**Problem statement**
Return, exactly and with nothing added, the line with "Ingredients; NZ Lime" together with all lines after it through the end of the data below. No pictures belong in the copy.

☆ ☆ ☆

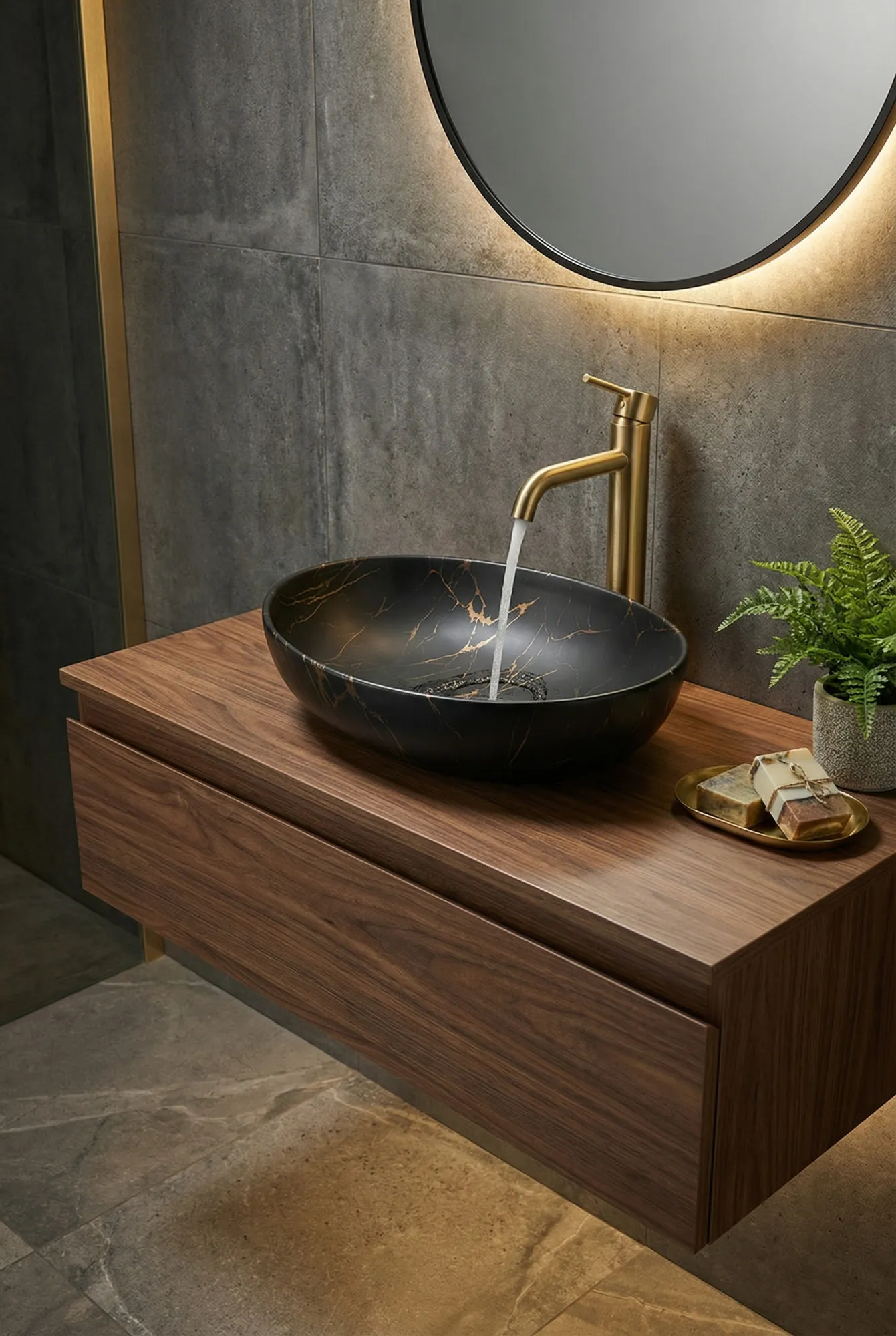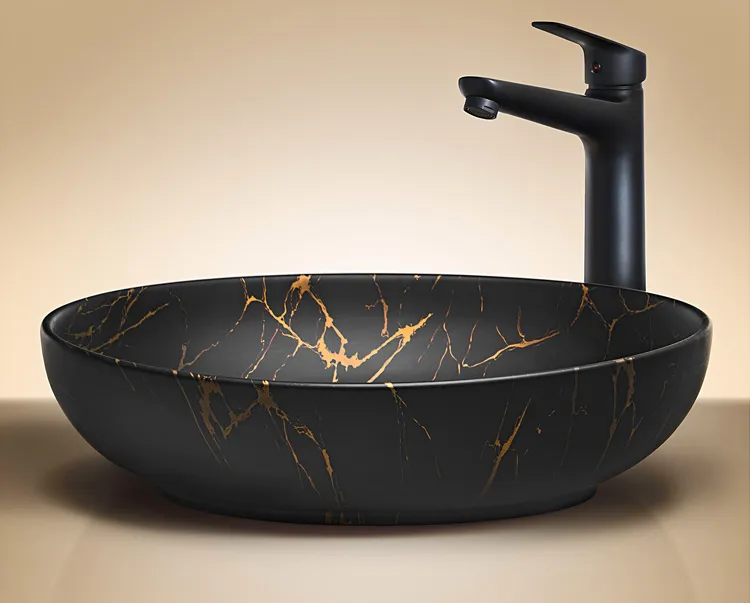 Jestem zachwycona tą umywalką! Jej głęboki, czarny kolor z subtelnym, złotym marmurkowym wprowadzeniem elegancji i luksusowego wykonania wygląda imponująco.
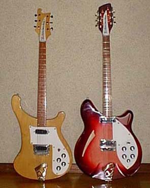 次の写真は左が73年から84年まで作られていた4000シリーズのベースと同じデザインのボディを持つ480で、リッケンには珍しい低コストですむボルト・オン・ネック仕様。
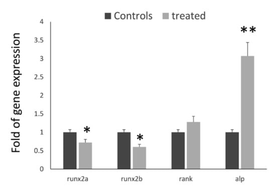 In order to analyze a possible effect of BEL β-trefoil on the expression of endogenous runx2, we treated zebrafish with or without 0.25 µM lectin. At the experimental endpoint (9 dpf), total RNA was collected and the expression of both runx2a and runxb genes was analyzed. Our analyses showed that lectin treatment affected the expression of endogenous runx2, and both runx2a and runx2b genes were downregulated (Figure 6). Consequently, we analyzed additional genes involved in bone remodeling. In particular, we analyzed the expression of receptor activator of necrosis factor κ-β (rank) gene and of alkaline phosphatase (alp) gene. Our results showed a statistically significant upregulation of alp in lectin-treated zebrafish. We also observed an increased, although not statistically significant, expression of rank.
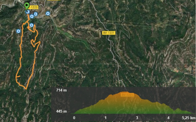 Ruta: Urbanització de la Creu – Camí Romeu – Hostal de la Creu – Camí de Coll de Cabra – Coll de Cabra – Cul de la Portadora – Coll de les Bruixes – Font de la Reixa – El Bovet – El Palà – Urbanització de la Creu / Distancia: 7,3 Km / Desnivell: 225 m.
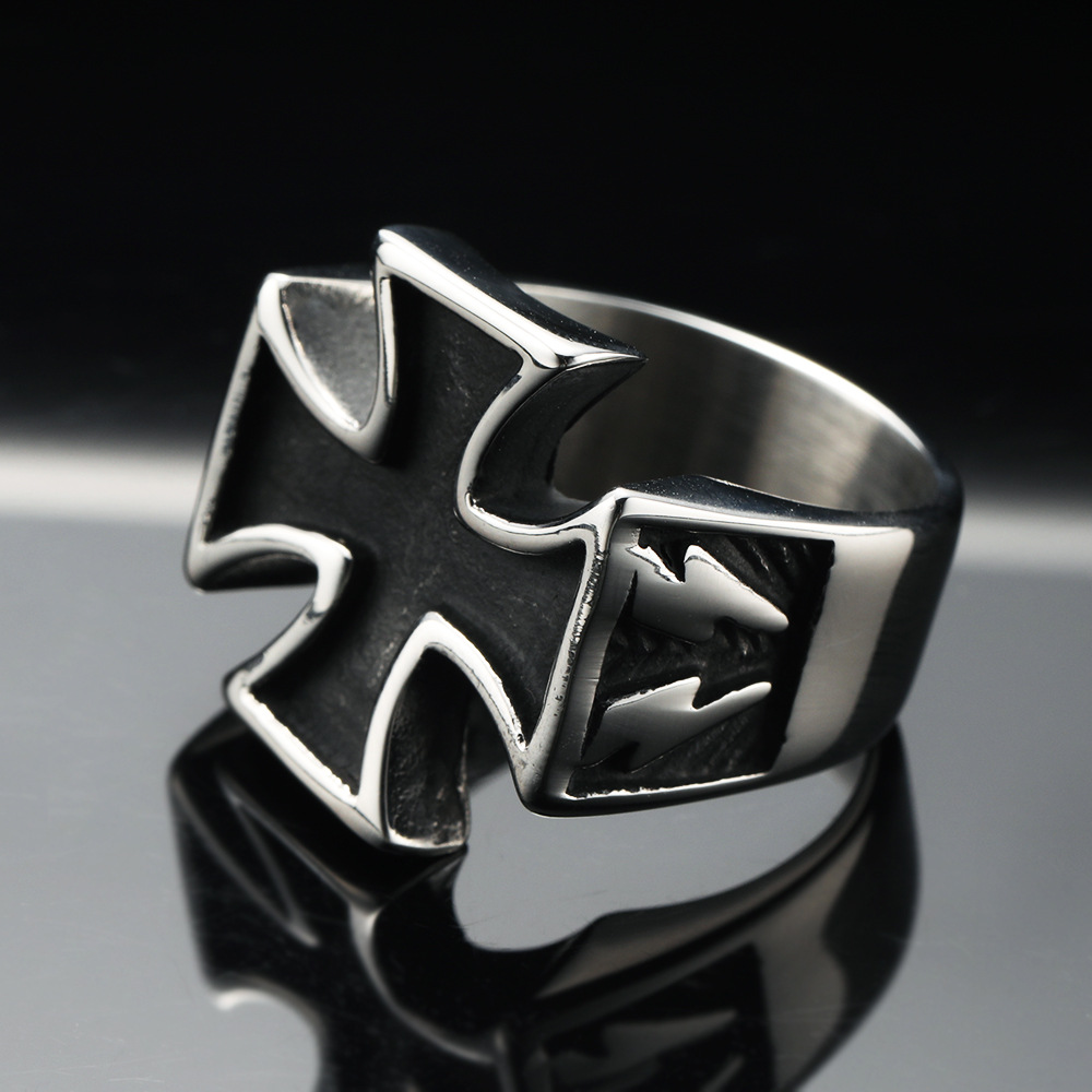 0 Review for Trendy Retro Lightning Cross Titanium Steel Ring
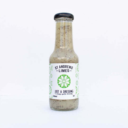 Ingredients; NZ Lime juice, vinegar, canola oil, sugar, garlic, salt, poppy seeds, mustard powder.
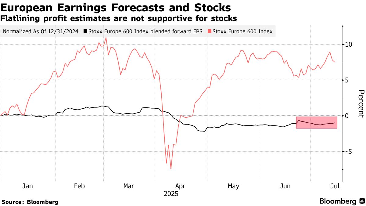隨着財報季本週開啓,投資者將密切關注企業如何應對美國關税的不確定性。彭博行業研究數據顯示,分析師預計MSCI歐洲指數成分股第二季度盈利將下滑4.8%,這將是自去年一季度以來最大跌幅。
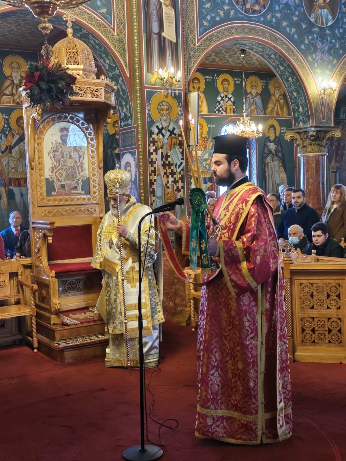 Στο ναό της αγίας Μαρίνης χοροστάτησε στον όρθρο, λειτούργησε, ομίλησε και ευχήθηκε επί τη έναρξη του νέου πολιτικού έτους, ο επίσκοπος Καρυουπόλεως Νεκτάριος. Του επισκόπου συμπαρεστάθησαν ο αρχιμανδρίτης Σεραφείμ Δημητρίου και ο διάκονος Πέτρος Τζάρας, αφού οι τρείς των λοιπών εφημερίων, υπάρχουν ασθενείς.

☆ ☆ ☆

**Answer space**
 Ingredients; NZ Lime juice, vinegar, canola oil, sugar, garlic, salt, poppy seeds, mustard powder.
隨着財報季本週開啓,投資者將密切關注企業如何應對美國關税的不確定性。彭博行業研究數據顯示,分析師預計MSCI歐洲指數成分股第二季度盈利將下滑4.8%,這將是自去年一季度以來最大跌幅。
 Στο ναό της αγίας Μαρίνης χοροστάτησε στον όρθρο, λειτούργησε, ομίλησε και ευχήθηκε επί τη έναρξη του νέου πολιτικού έτους, ο επίσκοπος Καρυουπόλεως Νεκτάριος. Του επισκόπου συμπαρεστάθησαν ο αρχιμανδρίτης Σεραφείμ Δημητρίου και ο διάκονος Πέτρος Τζάρας, αφού οι τρείς των λοιπών εφημερίων, υπάρχουν ασθενείς.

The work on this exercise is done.